In a typical optical transmission system, repeater stations may be anywhere from 70 Kilometers (Km) to 200 Km apart. Because optical fibers are presently drawn in individual lengths that are considerably shorter than these distances, the fibers must be spliced together in order to make up the long lengths needed for cabling. These splices must have high strength in order to withstand the high stresses inherent in both cable manufacture and cable installation. In addition, when fiber cables are repaired and must be spliced together, the splices must have high strength to avoid long term static fatigue effects which could cause a complete fracture of the fiber Subsequent repairs could be very expensive, especially if the cable lies on the bottom of the ocean.
At present there are two commonly used techniques for making fusion splices in silica fibers. One technique uses a mixture of two or more combustible gases, such as hydrogen and chlorine or hydrogen and oxygen. The fibers to be fused together are abutted against each other inside the flame produced by the combustion of the gases When the temperature of the fibers is high enough, they fuse together and form a splice. See J. T. Krause et al, "Fibre Splices With `Perfect Fibre` Strengths of 5.5 GPa, v&lt;0.01", Electronic Letters, Vol. 21, No. 12, June 6, 1985, pp. 533-535.
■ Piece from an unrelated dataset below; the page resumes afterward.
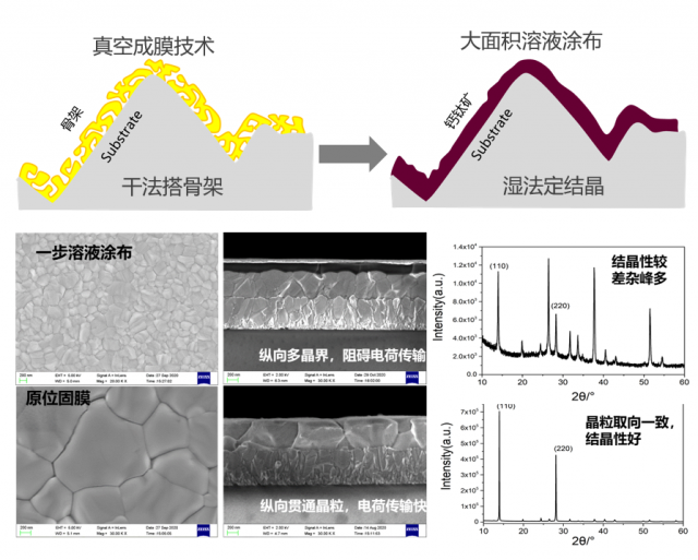 “極電光能在這方面有著自己獨創(chuàng)的‘氣相-液相’結(jié)合的兩步法鈣鈦礦制備技術,我們稱之為‘原位固膜’法,可以有效地解決‘一步溶液涂布法’所遇到的上述問題?!庇诓┦拷榻B到,通過“干法搭骨架,濕法定結(jié)晶”的策略,可以把溶劑揮發(fā)與化學成鍵分開、形核與晶粒生長分離,而且“骨架層”充當著結(jié)晶模板的作用,鈣鈦礦薄膜的結(jié)晶生長是在可控的條件下完成的,因此,受環(huán)境影響小,便于面積放大,工藝窗口寬,成品率高?!霸还棠ぁ惫に囍苽涞拟}鈦礦膜層質(zhì)量也顯著優(yōu)于“一步溶液涂布法”制備的鈣鈦礦材料,鈣鈦礦組件的效率更高。另外,它也可以在不平整的基底表面成膜,因此還可以很好的兼容與晶硅疊層電池的制備。
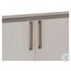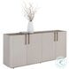 Bring graceful modernity to your living space. This contemporary sideboard showcases beautiful and gentle curves, enhanced by a cream faux leather upholstery. The brown oak veneer top is designed to captivate. Offering ample enclosed storage with four cabinets and a sturdy rustic bronze steel base, it's a stylish and functional piece. Consider the coordinating console table, desk, media console, and cabinet for a complete look. Please handle this item with care, and appreciate that the faux leather is manufactured to emulate natural leather, which means you may observe color variations, markings, wrinkles, grooves, and light scratches, all contributing to the unique character of each piece.Features

A more commonly used technique employs a small electric arc formed between two metallic electrodes. When the two abutting fibers are placed inside the electric arc, they are heated and fused together. In this regard, see D. L. Bisbee, "Splicing Silica Fibers With an Electric Arc", Applied Optics, Vol. 15, No. 3, March 1976, pp. 796-798.
Fibers made of materials having fusing temperatures of about 700.degree. C. have been fused by heat radiated from an electrically heated nichrome wire. (See, for example, D. L. Bisbee, "Optical Fiber Joining Technique", Bell System Technical Journal, Vol. 50, No. 10, December 1971, pp. 3153-3158). Filament heaters, however, have not been used to fuse silica fibers which fuse at about 2000.degree. C.
Regardless of the splicing method employed, the fiber must be handled with great care in order to avoid reducing its mechanical strength. In particular, fiber strength can be reduced both by mechanical abrasion and by chemical reactants. Mechanical abrasion can cause microscopic scratches on the surface of the fiber resulting in highly localized stresses. When such fibers are stressed due to handling or cabling, the additional stress concentrates in the vicinity of the scratches and can readily lead to a complete fracture of the fiber. Similarly, chemical reaction on the surface of the fiber can develop surface defects which can also cause highly localized stresses. Clearly, both of these causes must be eliminated in order to guarantee long-term strength characteristics.